I am all for experimentation and choice. Gnome wants to remove that choice.

If you preferred GNOME 2, you might want to check out MATE. As far as I know, the GNOME Project has done nothing to hinder their efforts.

Comment Re:NT4 was such an abomination... (Score 1) 221

This, plus proliferation of antialased rendering offsets advancements in CPU power - to the point that navigating source code in QtCreator on my Linux box is not that smooth as I'd like it to be.

That almost certainly has more to do with either display sync issues (which sadly aren't uncommon on a composited X desktop especially with non-free drivers) or the various services of the IDE. Anti-aliased font and line drawing aren't that demanding to begin with, and can be GPU-accelerated with pretty much any hardware you might have picked up within the last five years or so.

Comment Re:This can't be!! (Score 1) 463

DNF was finished thanks to being given to a development team that had actually released a game within the last ten years. So it's completely plausible that they finally got people into Hurd whose goal is to finish real projects as opposed to chasing perfect ideas.

Comment Re:Why NOT? (Score 1) 262

Quote: "Adopting a new image format in Web browsers is a big decision. Once a format becomes a part of the Web, it will have to be supported in perpetuityâ"adding overhead to the browserâ"even if it largely fizzles and only gains a small niche following."

It's akin to if Web browsers were required to support failed formats like ANIM or HAM or IFF.

In practice that doesn't seem to be the case; see, for instance, the state of MNG support in Gecko-based browsers. On the other hand, the adoption of APNG in Firefox has been a catalyst for its spread into wider use.
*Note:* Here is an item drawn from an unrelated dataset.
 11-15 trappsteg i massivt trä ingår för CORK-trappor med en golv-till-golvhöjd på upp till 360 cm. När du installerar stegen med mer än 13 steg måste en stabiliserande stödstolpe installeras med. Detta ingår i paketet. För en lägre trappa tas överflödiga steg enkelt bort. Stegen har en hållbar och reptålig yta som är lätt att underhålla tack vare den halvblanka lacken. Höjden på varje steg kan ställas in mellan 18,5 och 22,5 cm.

Comment Re:Statistics, statistics (Score 1) 401

It truly amazes me how lazy developers are when it comes to supporting new things. They whine and bitch and drag their feet and blame MS, rather than just admitting they have to learn something new and doing it.

I'd expect that a lot of developers just don't see the significance, as long as they can get a product out that works in a reasonable number of real cases. That's where their bread comes from, after all.
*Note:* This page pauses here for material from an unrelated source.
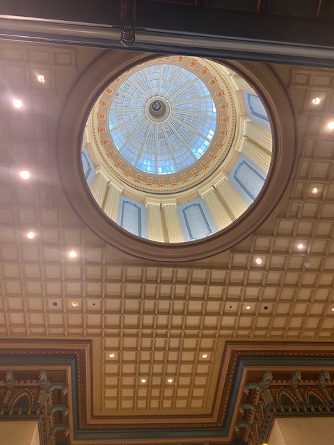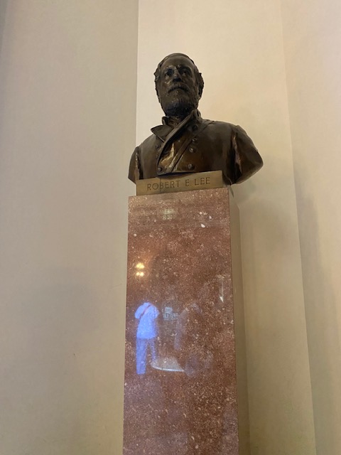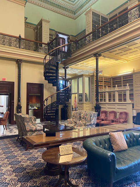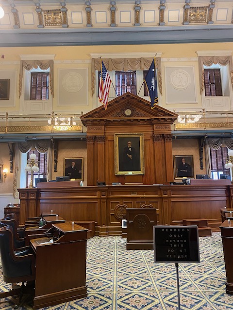 We went inside the building and were ushered to a room off to the side for a short film before the tour began. I noted that the film was narrated by a young African American man, which seemed like a nod to diversity, equity and inclusion. He mentioned, perhaps with false pride, that Strom Thurmond held the record for longest filibuster in the history of the United States. Nevertheless, I was glad to see that the film highlighted the achievements of women and minorities, such as South Carolina’s first – and so far, only – female governor, Nikki Haley, the one who ordered that the Confederate flag be removed from state grounds.

Comment Re:Not true... (Score 1) 744

I just went on and put XP back on it though, I'm very seriously considering putting Ubuntu on it now.

I can heartily recommend it. The last release came into a bit of a weird spot as far as graphics drivers were concerned, but now everything runs a lot smoother again and the accelerated desktop is properly vsynced as well. Compared to XP, there seems to be less disk rattling and throttling of fans, though battery life is about equal.

Just do a bit of googling up front; there were a few minor issues with my Samsung NC10 too, but nothing people hadn't thought to pre-package fixes for.

Comment Re:Backups require a process (Score 1) 183

So that means that about 200 days /year (if you are PERFECT) you are backing up this data. At 15 minutes per day, that adds up to 50 hours/year of time spent... backing up data.

That's okay, it's not like he has to stand there turning a crank while the bits are being moved. Even Windows has the possibility of scheduling scripted events, which most likely is the method applied here.